Wednesday, February 22, 2006

Computer Center. Men's Room

Everyone knows this bathroom. This baby's a staple, much like its library counterpart. You will find it much more to your liking though. It's a very clean bathroom, but I'm going to get something out of the way first. There is always toilet paper in the smaller of the two stalls, or there are little floaties. This will no doubt make you want to stroll over to the "handicrapper." There are always streaks on this one though because the bowl doesn't fill up very high with water. I personally will take the streaks though. They won't splash up on you when you drop a torpedo (the type of deuce that when it hits the water, splashes a little on your behind, you know what I'm talking about) like floaties might, and they often flush easier.

Modern artwork can be found in the smaller stall. You can have an enlightened moment with a Gandhi-esque mural right across from you. This will make up for the low positioning of the toilet. A little one way conversation with the boss of peace will surely calm the senses for a relaxing poo.
I go for comfort though. Gandhi's sacrifice didn't get India too far in the big scheme of things, so I don't know how much it will help my pooping. If that's your thing though, go for it. I find the height of the "handicrapper" to be reminiscent of the positioning of the throne found in the executive suite. The writings on the wall were a bit aggressive though. But if you are into promiscuous women, I suggest you stop by there for some opportunities. ZMB gave a shout out, while Pi Kappa Phis were made fun of once again.

Ratings:
Comfort: 4 out of 5. Whether it's Gandhi you want to put on a pedestal or yourself, you'll be satisfied here.

Accessibility: 3 out of 5. It's on the backside (no pun intended) of campus, but everyone stops by the computer center for something. And since it takes five minutes for those computers to load up, you should have ample time for a quality dismissal of waste.

Writings: 3 out of 5. Gandhi is enjoying himself in there. So should you. I do feel bad for the people named on the walls though. One of the girls, don't ask me who, is in my classes. Now every time I see her, I think of what's been put on the poop house walls.

Cleanliness: 4 out of 5. The streaks and floaties subtract a point, but that's not the fault of anyone.

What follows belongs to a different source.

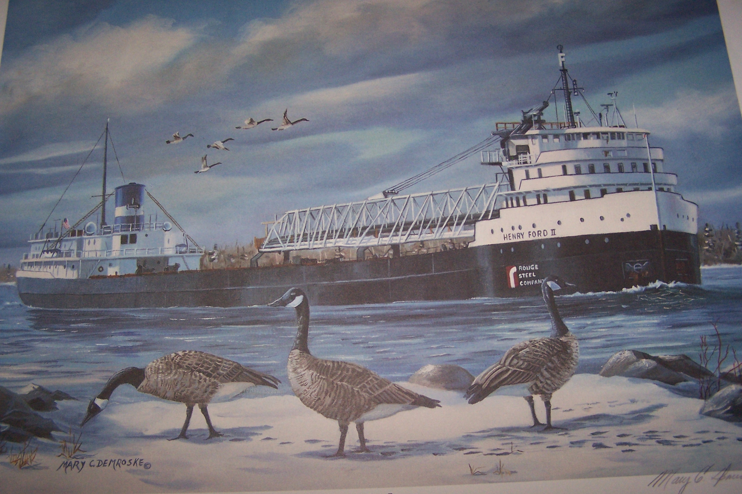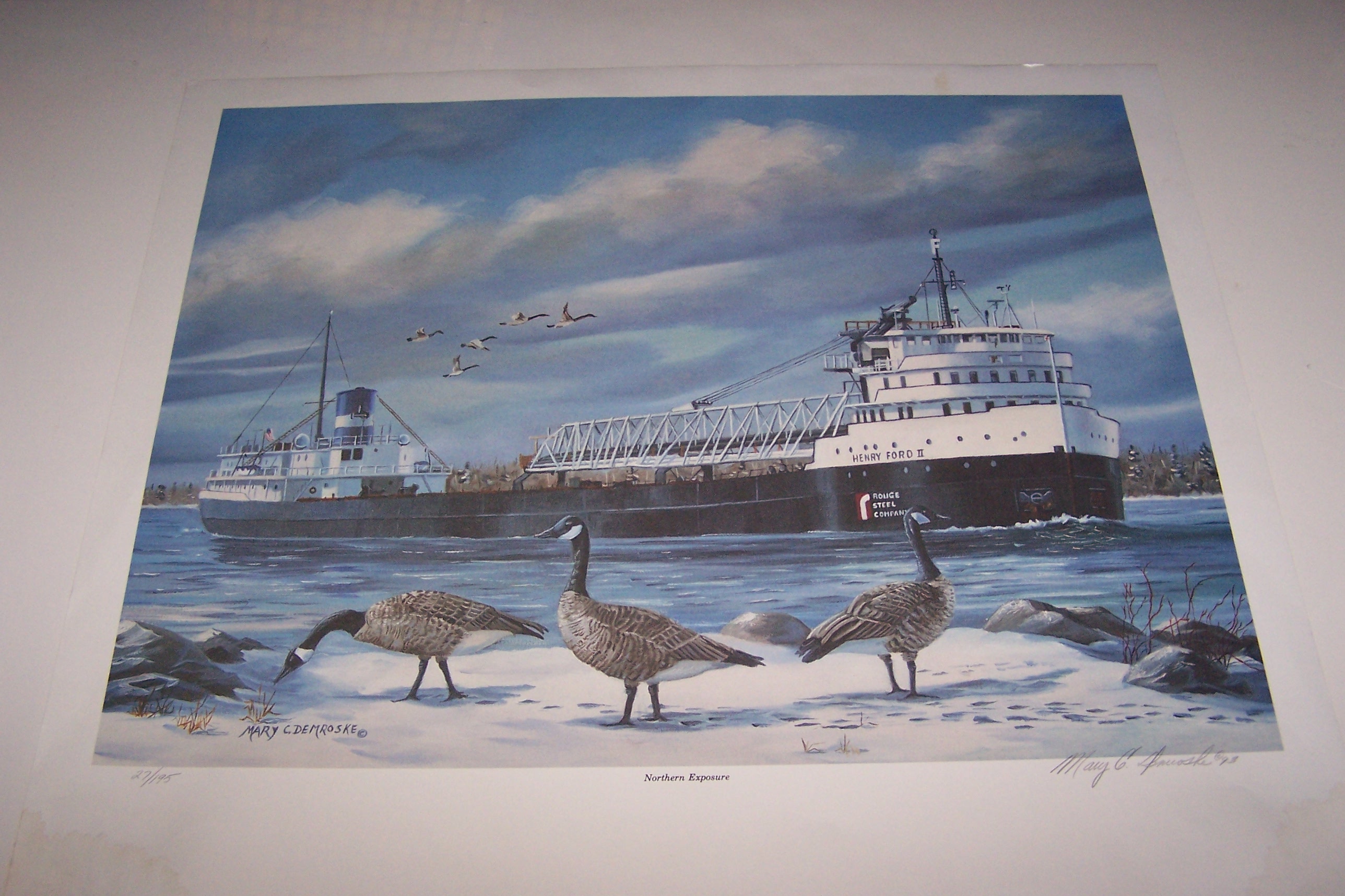 This is print number 27 of 195. It is a very attractive winter scene with several Canada geese in the art. The Ford is in her Rouge Steel Company colors (logo on bow) and has her self-unloading equipment installed.
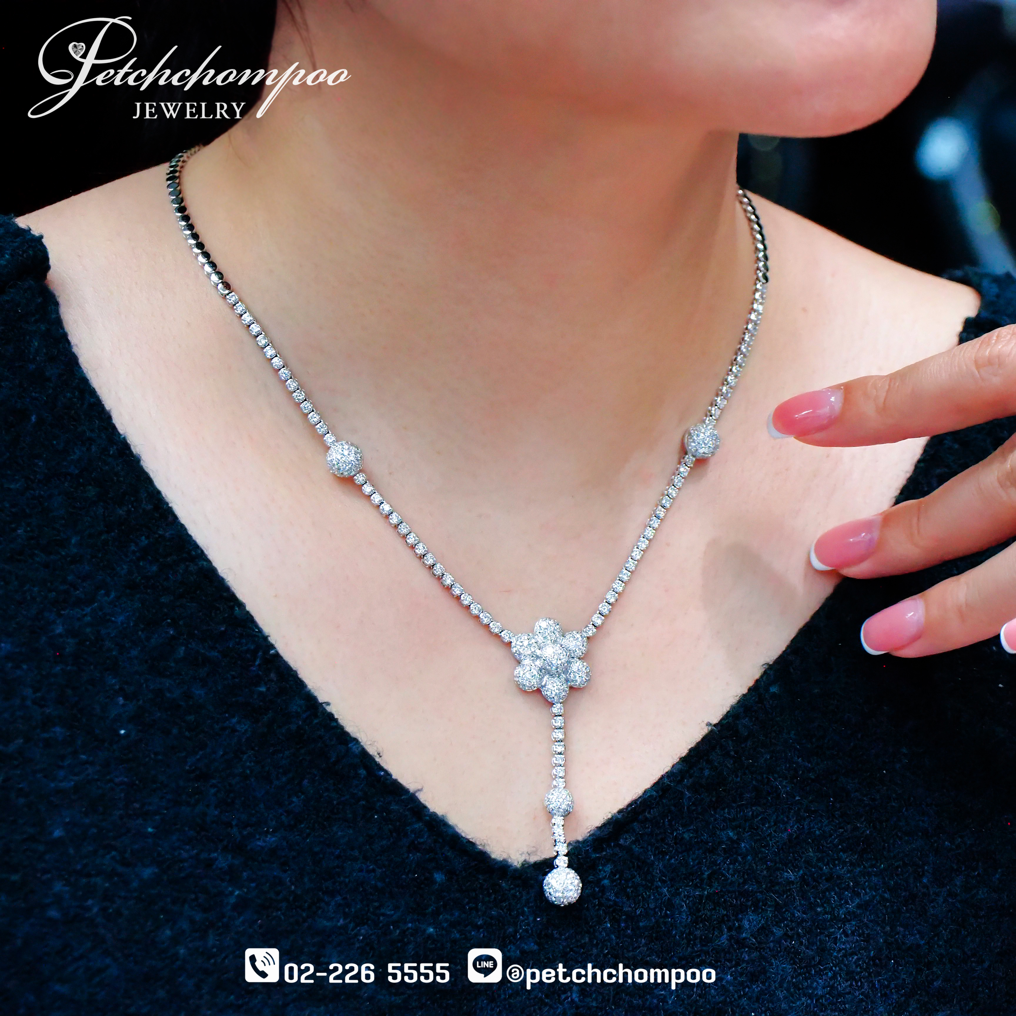 โดดเด่นด้วยจุดศูนย์กลางที่ออกแบบเป็น ลวดลายดอกไม้ฝังเพชรละเอียด เพิ่มลูกเล่นด้วย เพชรทรงกลมประดับระย้าตุ้งติ้งทำให้สร้อยคอเส้นนี้มีความพลิ้วไหว หรูหรา และน่าหลงใหล

Crowdedness: 5 out of 5. Even through a busy finals week I have never had a problem going to the bathroom there. It's nice and quiet in there as well.

Overall: 19 out of 25. Relieve some of the stress that comes with writing that long research paper in the computer center. Stop on by the men's room.

1 comment:

salaamthebody said...

i finally took a dump in the room across my office. surprisingly, the seats were quite comfortable. reading my poli sci book, i received an epiphany and finally understood the material that was going into me as other material was going out.